Quando sono entrato in possesso delle ricevute di ritorno delle lettere raccomandate contenenti le disdette, ho contattato sia gli operatori telefonici di Telecom Italia che gli operatori telefonici di Tele2, ed entrambi mi riferiscono che la linea telefonica citata non può cessare.
Telecom Italia dice che non può farla cessare perchè avendo annullato la pratica di rientro in Telecom io non sono un loro cliente; Tele2 dice che non può far cessare la linea perchè ho chiesto il codice di migrazione e l'Ho inviato a Telecom Italia.
A questo punto mi chiedo:
1) Perchè tutte queste affermazioni le società indicate non me le mettono per iscritto?
2)E' posssibile che un consumatore sia costretto a utilizzare un servizio che non vuole più e per tutto il tempo che i gestori desiderano?
3)Sono uno che ha sempre pagato le bollette per i consumi effettuati, perchè devo essere costretto a non pagare per avere il distacco definitivo della linea telefonica.
4) Di chi è la competenza al distacco della linea: di Telecom o di Tele2?
5)Se affittassi l'appartamento a un'altra persona e quest'ultima accettasse di effettuare la voltura a suo nome della linea citata, quando questa persona andrà via dall'appartamento per finita locazione, questa persona avrà la possibilità di chiedere la cessazione della linea o dovrà volturarla nuovamente a me.
E' mia opinione che la competenza sia di Tele2, in quanto ad oggi le bollette le pago a Tele2; vorrei proprio capire perchè dopo che ho fatto regolare disdetta scritta non effettuano il distacco della linea.
Una cosa è certa, dopo ore ed ore di telefonate agli operatori di entrambi i gestori e di tempo perso ho capito che il consumatore è veramente debole di fronte a queste società, e che per poter essere tutelato non c'è altra strada che il ricorso alle vie legali con conseguenti inutili spese che potevano essere evitate se il nostro paese non fosse schiacciato dal peso della burocrazia.
E' possibile che dopo fiumi di articoli sulla tutela del consumatore e sulla sua natura di contraente debole, le grandi società continuano a giocare il loro ruolo facendo la parte del leone?
Avrei pensato di fare una nuova disdetta, questa volta ricorrendo all'Ufficiale Giudiziario, e, contemporaneamente, ricorrendo a una lettera inviata da un legale, per dichiarare che non desidero più il servizio e che dopo queste comunicazioni non ho altra strada che cessare definitivamente i pagamenti di bollette per telefonate che non ho mai fatto.

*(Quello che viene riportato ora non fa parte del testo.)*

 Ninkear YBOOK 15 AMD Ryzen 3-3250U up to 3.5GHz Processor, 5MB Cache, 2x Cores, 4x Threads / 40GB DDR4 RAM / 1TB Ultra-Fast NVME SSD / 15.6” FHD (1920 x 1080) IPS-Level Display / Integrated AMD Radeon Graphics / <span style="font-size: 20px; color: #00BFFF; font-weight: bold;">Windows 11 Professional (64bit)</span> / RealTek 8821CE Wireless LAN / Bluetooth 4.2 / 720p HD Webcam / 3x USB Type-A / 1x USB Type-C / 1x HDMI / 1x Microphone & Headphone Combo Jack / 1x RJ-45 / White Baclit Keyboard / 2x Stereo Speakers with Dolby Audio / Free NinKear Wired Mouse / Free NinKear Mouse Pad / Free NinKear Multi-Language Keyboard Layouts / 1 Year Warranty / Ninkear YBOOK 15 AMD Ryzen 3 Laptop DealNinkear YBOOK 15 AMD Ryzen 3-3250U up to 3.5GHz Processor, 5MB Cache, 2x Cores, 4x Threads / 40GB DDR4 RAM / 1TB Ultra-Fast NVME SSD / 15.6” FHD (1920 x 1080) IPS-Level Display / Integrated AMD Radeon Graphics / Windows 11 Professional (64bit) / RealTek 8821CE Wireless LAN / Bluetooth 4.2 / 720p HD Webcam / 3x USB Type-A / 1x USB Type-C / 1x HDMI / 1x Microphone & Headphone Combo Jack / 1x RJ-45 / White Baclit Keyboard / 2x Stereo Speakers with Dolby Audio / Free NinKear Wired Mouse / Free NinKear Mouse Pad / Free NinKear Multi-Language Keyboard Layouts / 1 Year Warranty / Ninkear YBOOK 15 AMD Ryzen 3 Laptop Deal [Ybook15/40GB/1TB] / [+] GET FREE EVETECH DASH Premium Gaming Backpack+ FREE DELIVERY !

Mi scuso se sono stato prolisso.
Gradirei una Vostra risposta.
Distinti saluti da:
Michele Scarfò
Quando sono entrato in possesso delle ricevute di ritorno delle lettere raccomandate contenenti le disdette, ho contattato sia gli operatori telefonici di Telecom Italia che gli operatori telefonici di Tele2, ed entrambi mi riferiscono che la linea telefonica citata non può cessare.
Telecom Italia dice che non può farla cessare perchè avendo annullato la pratica di rientro in Telecom io non sono un loro cliente; Tele2 dice che non può far cessare la linea perchè ho chiesto il codice di migrazione e l'Ho inviato a Telecom Italia.
A questo punto mi chiedo:
1) Perchè tutte queste affermazioni le società indicate non me le mettono per iscritto?

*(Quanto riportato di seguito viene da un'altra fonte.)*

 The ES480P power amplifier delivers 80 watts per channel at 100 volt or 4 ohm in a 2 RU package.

2)E' posssibile che un consumatore sia costretto a utilizzare un servizio che non vuole più e per tutto il tempo che i gestori desiderano?
3)Sono uno che ha sempre pagato le bollette per i consumi effettuati, perchè devo essere costretto a non pagare per avere il distacco definitivo della linea telefonica.
4) Di chi è la competenza al distacco della linea: di Telecom o di Tele2?
5)Se affittassi l'appartamento a un'altra persona e quest'ultima accettasse di effettuare la voltura a suo nome della linea citata, quando questa persona andrà via dall'appartamento per finita locazione, questa persona avrà la possibilità di chiedere la cessazione della linea o dovrà volturarla nuovamente a me.
E' mia opinione che la competenza sia di Tele2, in quanto ad oggi le bollette le pago a Tele2; vorrei proprio capire perchè dopo che ho fatto regolare disdetta scritta non effettuano il distacco della linea.
Una cosa è certa, dopo ore ed ore di telefonate agli operatori di entrambi i gestori e di tempo perso ho capito che il consumatore è veramente debole di fronte a queste società, e che per poter essere tutelato non c'è altra strada che il ricorso alle vie legali con conseguenti inutili spese che potevano essere evitate se il nostro paese non fosse schiacciato dal peso della burocrazia.
E' possibile che dopo fiumi di articoli sulla tutela del consumatore e sulla sua natura di contraente debole, le grandi società continuano a giocare il loro ruolo facendo la parte del leone?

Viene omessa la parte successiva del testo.